Prom/Tether (PROMUSDT) 24-Hour Market Overview

Generated by AI AgentAinvest Crypto Technical Radar
Sunday, Oct 5, 2025 6:29 pm ET2min read
PROM--
USDT--
Aime RobotAime Summary

- PROMUSDT experienced a volatile 24-hour swing, rebounding from $10.00 after a sharp dip but closing near $9.99 with mixed momentum.

- Technical indicators showed overbought conditions near $10.13 (RSI 70) and bullish divergence in early MACD, but late-day weakness suggested exhausting momentum.

- Elevated volatility ($9.98-$10.31 range) and volume spikes confirmed key support/resistance levels, with Fibonacci retracements highlighting $10.05-10.13 as critical thresholds.

- Bollinger Band expansion and bearish engulfing patterns hinted at potential consolidation, though no clear reversal confirmed a definitive trend shift.

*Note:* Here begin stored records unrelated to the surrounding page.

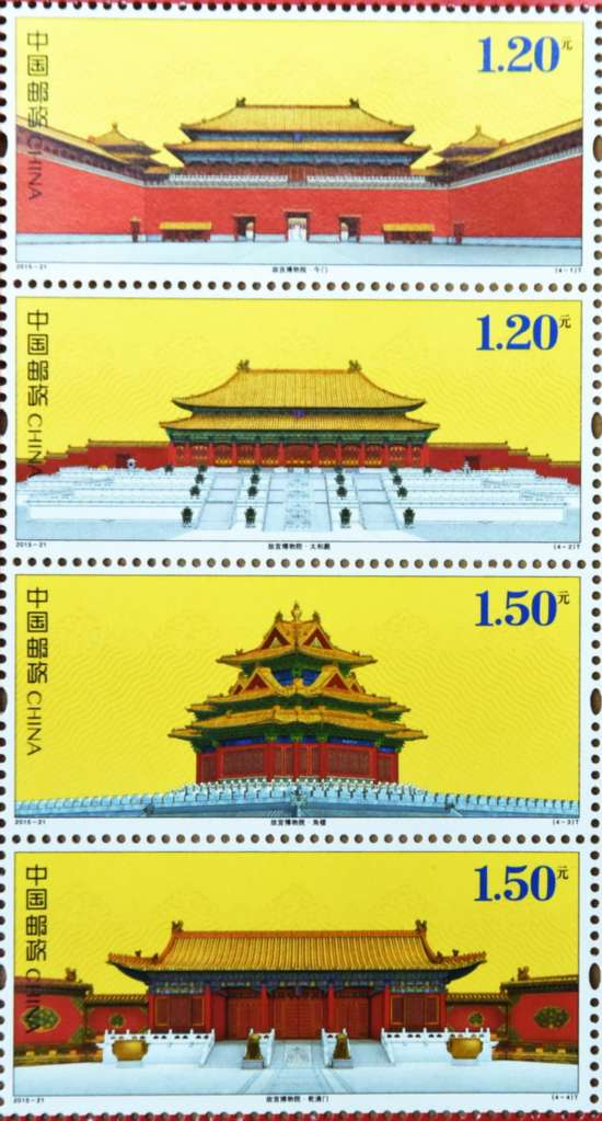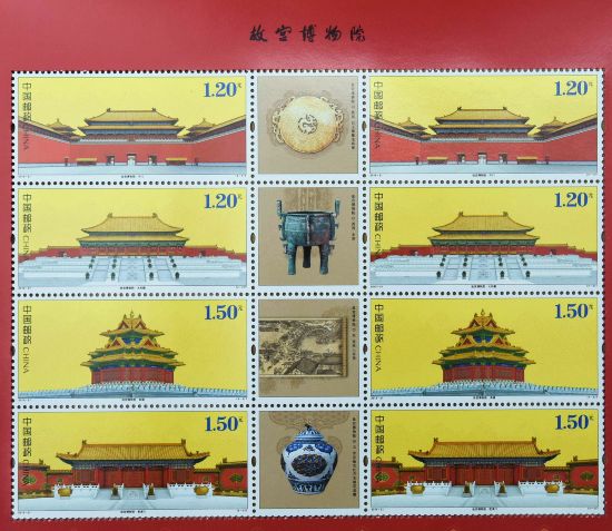 这是10月9日拍摄到的《故宫博物院》特种邮票。 据悉,中国邮政将于10月10日发行《故宫博物院》特种邮票1套4枚,内容分别为午门、太和殿、角楼、乾清门,附票图名分别为:白玉镂雕龙凤璧、水鼎、清明上河图、青花釉里红开光镂花盖罐。全套邮票的面值为5.4元。 新华社发(龙巍 摄) 这是10月9日拍摄到的《故宫博物院》特种邮票。 据悉,中国邮政将于10月10日发行《故宫博物院》特种邮票1套4枚,内容分别为午门、太和殿、角楼、乾清门,附票图名分别为:白玉镂雕龙凤璧、水鼎、清明上河图、青花釉里红开光镂花盖罐。全套邮票的面值为5.4元。 新华社发(龙巍 摄) 这是10月9日拍摄到的《故宫博物院》特种邮票。 据悉,中国邮政将于10月10日发行《故宫博物院》特种邮票1套4枚,内容分别为午门、太和殿、角楼、乾清门,附票图名分别为:白玉镂雕龙凤璧、水鼎、清明上河图、青花釉里红开光镂花盖罐。全套邮票的面值为5.4元。 新华社发(龙巍 摄)
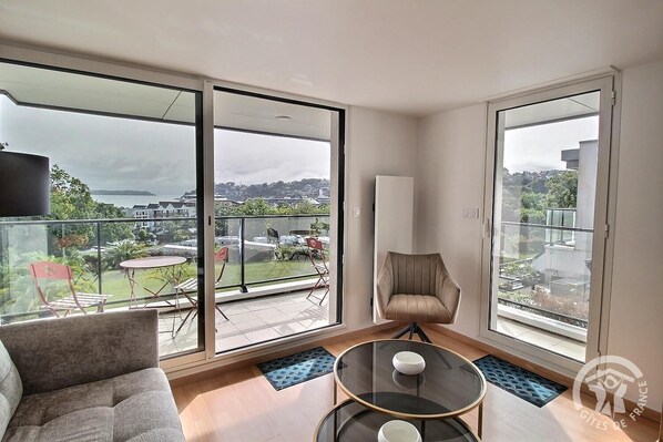 Your holiday apartment, on the 1st floor with elevator, is composed on one level: Entrance hall of the residence with digital code, A lift, A living room including the kitchen-living room, the lounge giving access to a small terrace with sea view and the island of Tomé, A separate toilet, A bathroom with shower, A bedroom with 2 beds of 80x200 that can be twinned on request, in bed of 160x200, Another bedroom with 1 bed 180x200 that can be separated on request, in 2 beds of 90x200. - Exteriors: Parking possible on the exterior parking lot of the residence with gate or in underground parking. Accommodation reserved for leisure customers. Everything is designed to make your stay unique. Whether you are looking for relaxation, leisure or thrills, a multitude of activities await you. The residence, overlooking a small campsite, offers a superb view of the sea and Tomé Island. Just an 11-minute walk away, the family beach of Trestraou offers a magnificent view of the 7 Islands archipelago. You will find a thalassotherapy center, restaurants, shops, boutiques, a cinema, a casino, a mini-golf course, and can embark on a tour of the 7 Islands aboard the vedettes. Above the beach, take the customs officers' path, the GR34, towards Ploumanac'h, an unmissable site with its pink rocks shaped by the sea and the wind, offering an exceptional natural landscape. A must-see! To avoid Saturday traffic jams, opt for this rental from FRIDAY to FRIDAY and start your stay with complete peace of mind! Superb apartment ideally located for a seaside holiday in a renowned seaside resort! Welcome to PERROS-GUIREC!
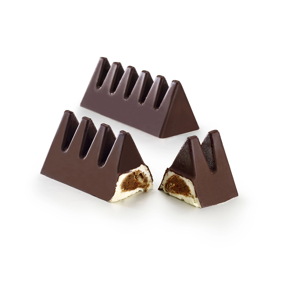 Tiramisú cubierto de chocolate. Bizcocho melindro empapado con licor de café, mousse de mascarpone, cobertura de chocolate. ±14 x 5,5 x 5 cm
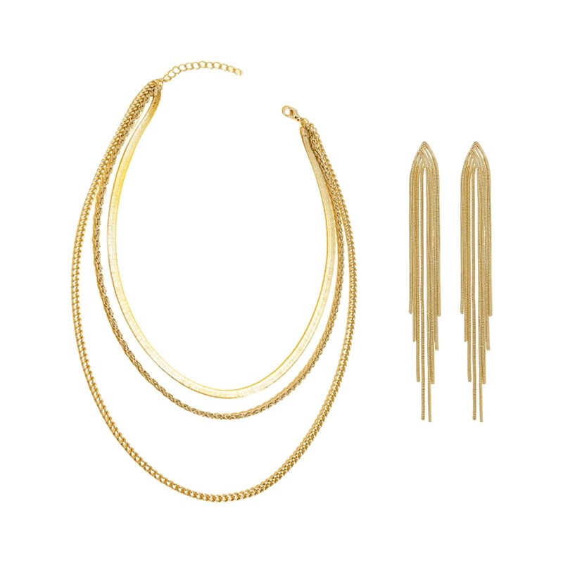 - 【Product Content】You Will Receive 1 Pair Of Tassel Earrings And 3 Stacking Necklaces. The Size Of The Tassel Earrings Is 10*3.8Cm And The Color Is Gold; The Stacking Necklaces Are Available In Various Sizes And The Color Is Gold, Suitable For Matching With Various Clothing And Occasions.

• Price action showed a late-day rebound following a sharp intraday dip below $10.00
• Volume surged during the bullish reversal, supporting the validity of the bounce
• RSI and MACD indicated a potential overbought condition near $10.13
• Volatility expanded, with a 15-minute high of $10.31 and low of $9.979
• No clear bearish reversal patterns emerged, but bullish momentum appears to be exhausting

Prom/Tether (PROMUSDT) opened at $10.026 at 12:00 ET on October 4 and closed at $9.989 at 12:00 ET on October 5, with a high of $10.311 and a low of $9.979. The 24-hour volume reached 187,888.59 and total turnover amounted to $1,924,404.87. The price action showed a volatile but ultimately mixed outcome, with strong upward momentum in the early hours and a late-day pullback.

Structure & Formations


The price action over the 24-hour period revealed key support at around $10.00–$10.02 and resistance at $10.13–$10.15. A strong bearish candle at $9.989 confirmed the 15-minute support near $9.98, followed by a bullish reversal from that level. A potential bearish engulfing pattern emerged around $10.20, but it was quickly invalidated by a rebound into the $10.12–$10.14 range. The doji at $10.122 on October 5 suggested indecision and potential volatility ahead.

Moving Averages


On the 15-minute chart, the 20-period and 50-period moving averages crossed during the early morning, signaling a shift in momentum. The 50-period MA at $10.08 and the 20-period MA at $10.11 indicated a strong bullish bias before the late-day correction. On the daily timeframe, the 50/100/200-day MA alignment is not provided in the input, but the short-term trend remains above the 50-period MA, suggesting a potential continuation of the bullish bias unless a sustained close below it occurs.

MACD & RSI


The MACD showed a strong positive divergence in the early hours, reaching a peak before the late-day sell-off. RSI climbed to overbought territory above 65, peaking at 70 during the $10.20 high, then declined sharply during the afternoon. RSI’s pullback below 50 during the final 30 minutes suggests weakening momentum, and the MACD’s negative divergence during the sell-off may foreshadow further consolidation. The RSI currently sits at around 52, indicating a neutral to slightly bearish momentum.

Bollinger Bands


Volatility was elevated, with the upper Bollinger Band reaching $10.31 and the lower band touching $9.979. The price briefly touched the upper band in the early morning before falling back into the channel. The recent late-day pullback brought the price closer to the lower band, indicating a potential oversold condition. The Bollinger Band contraction is limited in the data provided, but the recent expansion suggests heightened volatility and a potential turning point.

Volume & Turnover


Volume spiked during the early morning surge and again in the late afternoon pullback, with the highest volume recorded at $10.152. The turnover spiked at $10.311 during the morning high, confirming the bullish bias. A notable divergence in volume occurred during the late-day sell-off, where the price dropped but volume did not spike significantly—suggesting a weaker bearish conviction. The final 15-minute candle had a volume of 184.98, closing at $9.989, slightly below the opening level.

Fibonacci Retracements


Applying Fibonacci to the recent swing high of $10.31 and the low of $9.979, the 38.2% retracement level sits at $10.13 and the 61.8% at $10.05. The price tested the 38.2% level twice—once at $10.13 and again during the morning pullback. A potential bounce off the 61.8% retracement may offer a short-term opportunity for bears, while a break above $10.13 could signal a stronger bullish continuation.

Backtest Hypothesis


The backtest strategy described involves a short-term mean-reversion approach, triggering long entries when price closes above the 15-minute 20-period MA and RSI dips below 45, while exits are triggered on a close below the 20-period MA. Given the current setup, with RSI at 52 and the 20-period MA at $10.11, a long entry might have been triggered in the early morning, but a bearish signal is now more plausible due to the late-day pullback and RSI’s recent weakening. This strategy would benefit from tighter stop-loss levels around key support at $10.00 and $9.98, while targets could be placed at $10.13 and $10.15.